Failed - 2 Windows 2008 32bit server, 1 Windows 2003 R2 32bit server.

This past weekend I have more jobs that run because once or twice a week is sufficient for what they do (they don't change much). I had 2 out of 9 jobs fail. 1 Windows 2008 R2 64bit server and 1 Linux box.

vmProtect7 beta
The only thing that failed was our mail server (2003 R2 box with Exchange 2007) There's 10 jobs so 9 went through. The one has a warning "Failed to detect GRUB loader" and it's an Ubuntu linux box. Despite the warning I think it still backed up I guess because there's a 3.5 GB TIB file with it's name out on my system.

vCenter stuck tasks
The other thing I see is stuck tasks in vCenter. Like today (2/15/2012) I see a task stuck at 98% in vcenter initiated by my user name, requested start time 2/11/2012 6:31:05 AM. The task is titled Acronis vmProtect Backup. There's no way to get it out of there unless I restart the vCenter server.

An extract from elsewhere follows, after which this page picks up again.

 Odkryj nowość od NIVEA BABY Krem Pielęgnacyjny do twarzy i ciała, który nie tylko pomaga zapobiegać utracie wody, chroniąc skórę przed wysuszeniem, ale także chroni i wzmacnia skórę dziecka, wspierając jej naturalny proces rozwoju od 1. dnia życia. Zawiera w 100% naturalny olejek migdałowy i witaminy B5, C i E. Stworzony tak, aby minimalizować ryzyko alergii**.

KJSTech - Good info! From your notes it really looks like the vmProtect7 may be an improvement! Question... are you using the appliance or an agent installed on a windows system for the beta?

Similar question for all on this thread... what is everyone use to run the backups? i.e. is the case that all of us are using the virtual appliance and seeing these errors? By contrast, is there a better experience using a windows server to run the backup agent? If so, what kind of system is being used successfully?

Please let us all know!

KurtA - how did you get access to the virtual appliance? Did you ssh in? Are the credentials needed published?

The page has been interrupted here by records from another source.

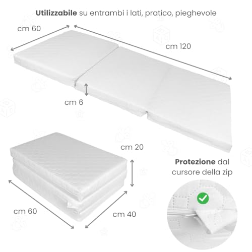 🌬️ CARACTÉRISTIQUES DU PRODUIT : Le rembourrage perforé permet un échange d’air rapide et constant à l’intérieur de la structure, préservant le matelas de la stagnation de l’humidité résiduelle, source de formation de moisissures et de bactéries. Le revêtement micro-matelassé confère au tissu une douceur élevée au toucher, la fermeture éclair de sécurité empêche un potentiel rejoint dangereux au rembourrage par le nourrisson.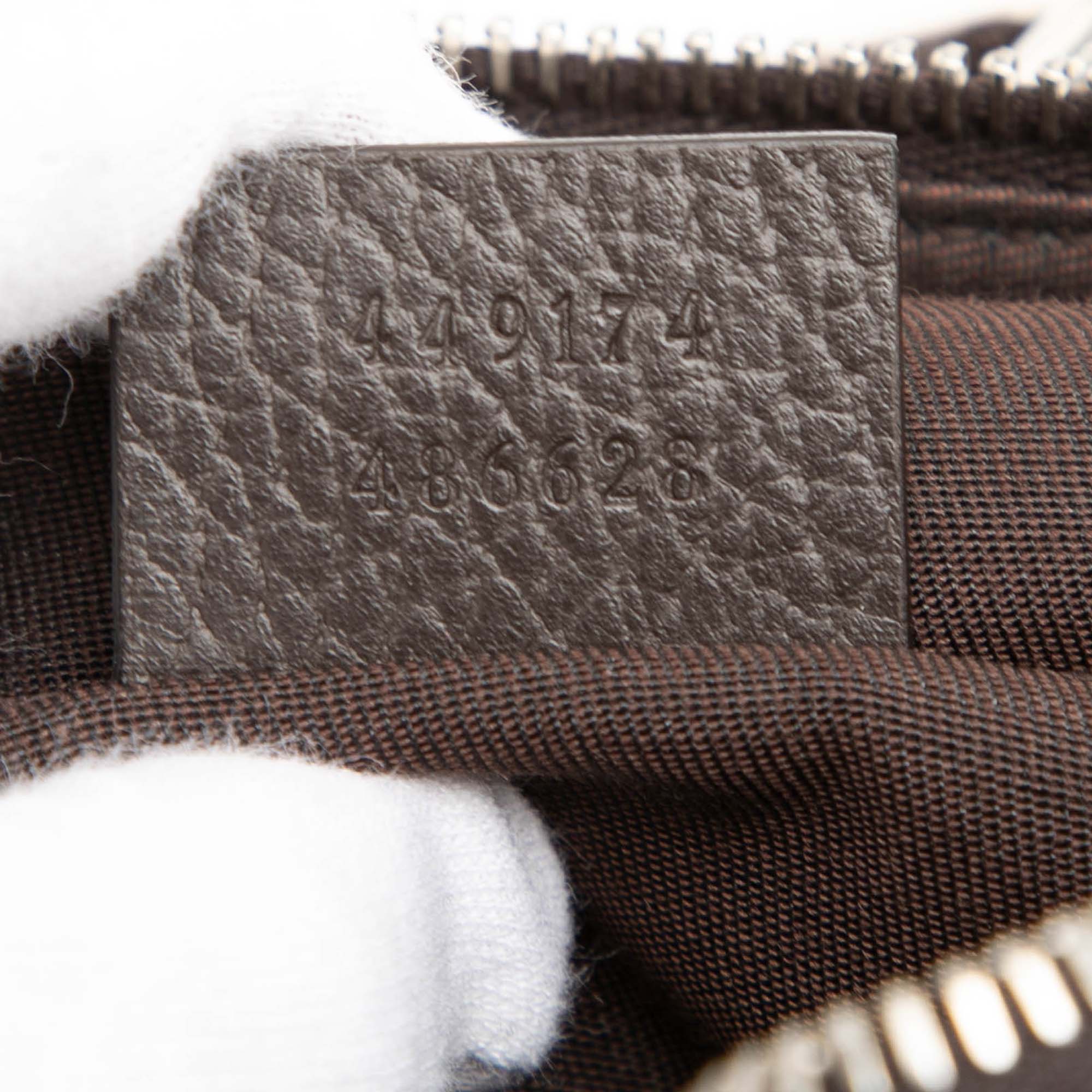 Product Details: Tan Gucci GG Canvas Belt Bag. This belt bag features a canvas body with leather trim, an adjustable waist strap with a buckle closure, a top zip closure, and an interior slip pocket. 5.5" L x 8.7" W x 1.8" D. Serial number 449174 486628.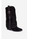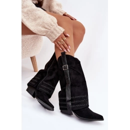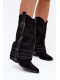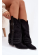 Dámské kozačky Camilora v černém provedení kombinují výrazný western styl s moderním elegantním nádechem. Detailní ozdoba a kovová spona dodávají botám výrazný a módní charakter. Stabilní podpatek (sloupek) zajišťuje pohodlnou a stabilní chůzi, zatímco vyšší svršek poskytuje podporu a stylový vzhled vhodný se sukněmi, šaty i úzkými kalhotami.

MickyW - I followed the procedure outlined in the article http://kb.acronis.com/content/4568

- Open the vSphere Client and click on the Virtual Appliance;
- Click the Console tab;
- Press Ctrl-Alt-F2 to enter the command prompt;

This opens a root shell in the Virtual Appliance. The following command starts the ssh-Server

# /bin/sshd

Now you can use your favorite ssh Client to connect to the Appliance with the same credentials you use to connect with your browser to the web frontend.

MickyW wrote:

KJSTech - Good info! From your notes it really looks like the vmProtect7 may be an improvement! Question... are you using the appliance or an agent installed on a windows system for the beta?

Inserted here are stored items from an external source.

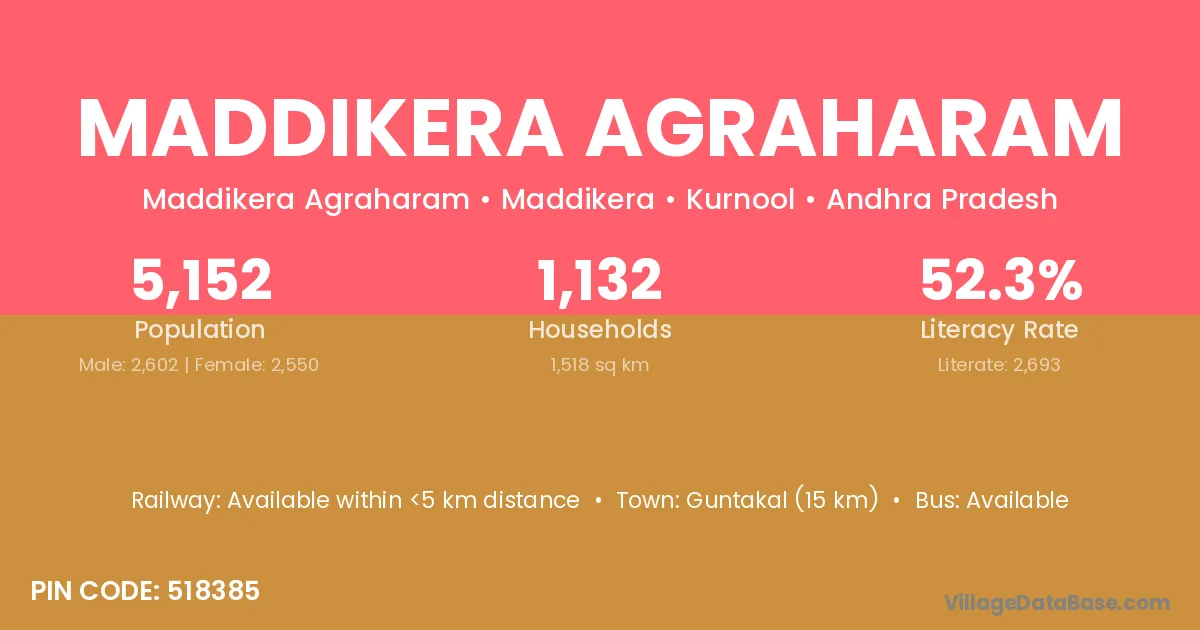 Guntakal (15 km) is the nearest town to Maddikera Agraharam village for major economic activities and is located approximately 15 km away.
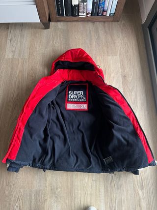 Anorak Superdry con un diseño moderno y llamativo. - Combinación de colores rojo, blanco y negro. - Capucha integrada. - Cierre frontal con cremallera.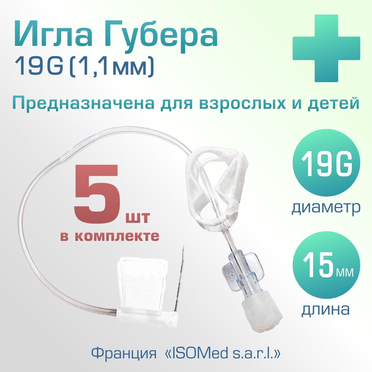 Игла Губера (для инфузии), диаметр 19G (1,1 мм), длина 15 мм (комплект 5 штук): сравнение цен, характеристики, фото, актуальное наличие и цены.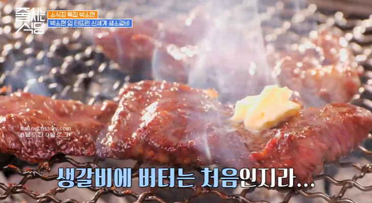 이 식당만의 특이점이 있다면 바로 버터예요. 생갈비 본연의 맛을 즐긴 뒤 남은 고기 한쪽 면에 버터를 올려 녹여 먹는 것. 스테이크가 아닌 생갈비에 올려 먹는 건 정말 독특하네요. 느끼할 것 같은데 전혀 그렇지 않대요. 박소현 말로는 미국맛이난다고.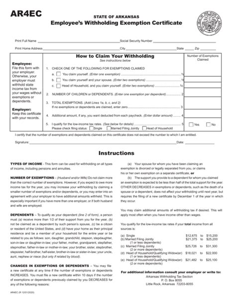 Arizona residents who qualify, complete this form to request to have no. Web file this form with your employer. Arizona residents who qualify, complete this form to request to have no. Web what is form ar4ec? Web instructions for the texarkana exemption certificate any employee who qualifies for exception 1 or 2 on the face of. Web employees earning less than the lower threshold for their filing status can claim exemption from withholding using. Otherwise, your employer must withhold state income tax from your wages without exemptions. Web form ar4ec was revised november 18, 2022 for 2023. Web 9 rows withholding exemption certificate.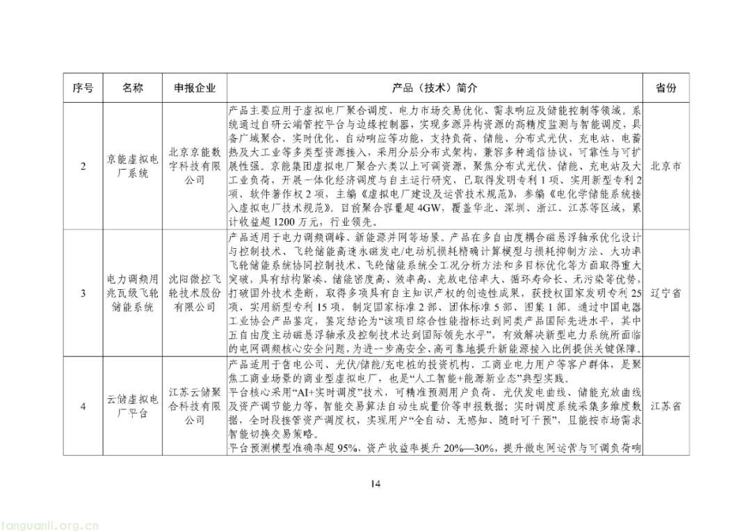 产品(技术)分为三大类别,聚焦电力优化核心需求。16 项负荷管理类产品亮点突出,北京京能数字科技的虚拟电厂系统、南京国电南自的智慧运营管控系统等,通过资源聚合与智能调度实现灵活调节;沈阳微控飞轮的兆瓦级飞轮储能系统、特来电的电动汽车充放电与绿电微电网整合技术,打通源网荷储协同路径。8 项综合能效类产品以国网冀北综合能源的智慧能源管控平台为代表,助力企业提升用能效率。6 项其他类产品包括思格新能源的光储充一体机,覆盖多元化用能场景。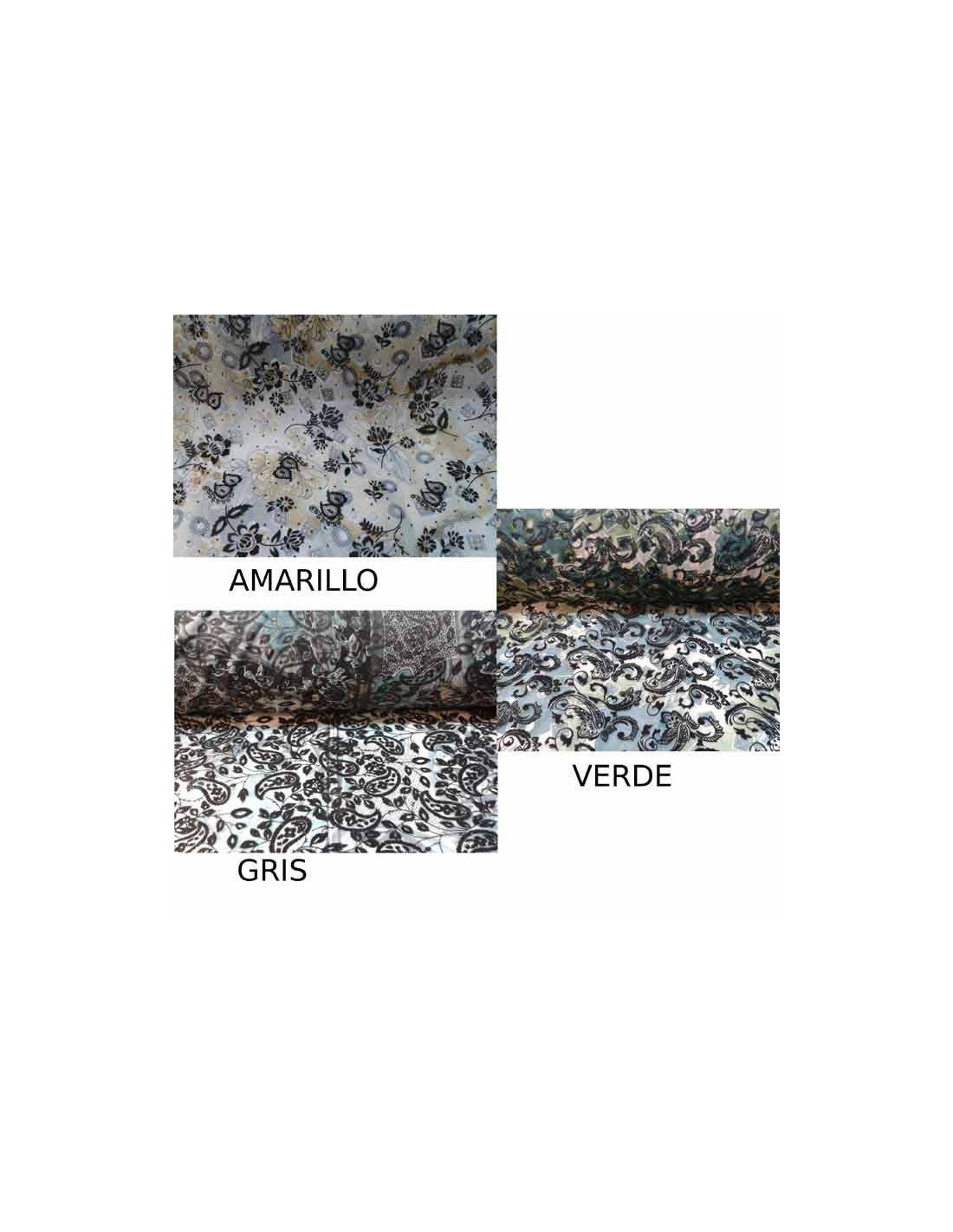 Gasa flocada en negro con un relieve aterciopelado de motivos florales.Tejido muy elegante perfecto para fulares,pareos ,blusas ,trajes de fiesta...

Similar question for all on this thread... what is everyone use to run the backups? i.e. is the case that all of us are using the virtual appliance and seeing these errors? By contrast, is there a better experience using a windows server to run the backup agent? If so, what kind of system is being used successfully?

Please let us all know!

I have both vmprotect6 and 7 beta installed as virtual appliances.

I haven't thought about spinning it up as an agent installed on a windows box. I just don't like the idea of having a full blown windows server eating resources and requiring updates and all that stuff. Lean and mean is how I like it!

I actually have my Windows server had it's auto updates disabled. So far, it's running fine.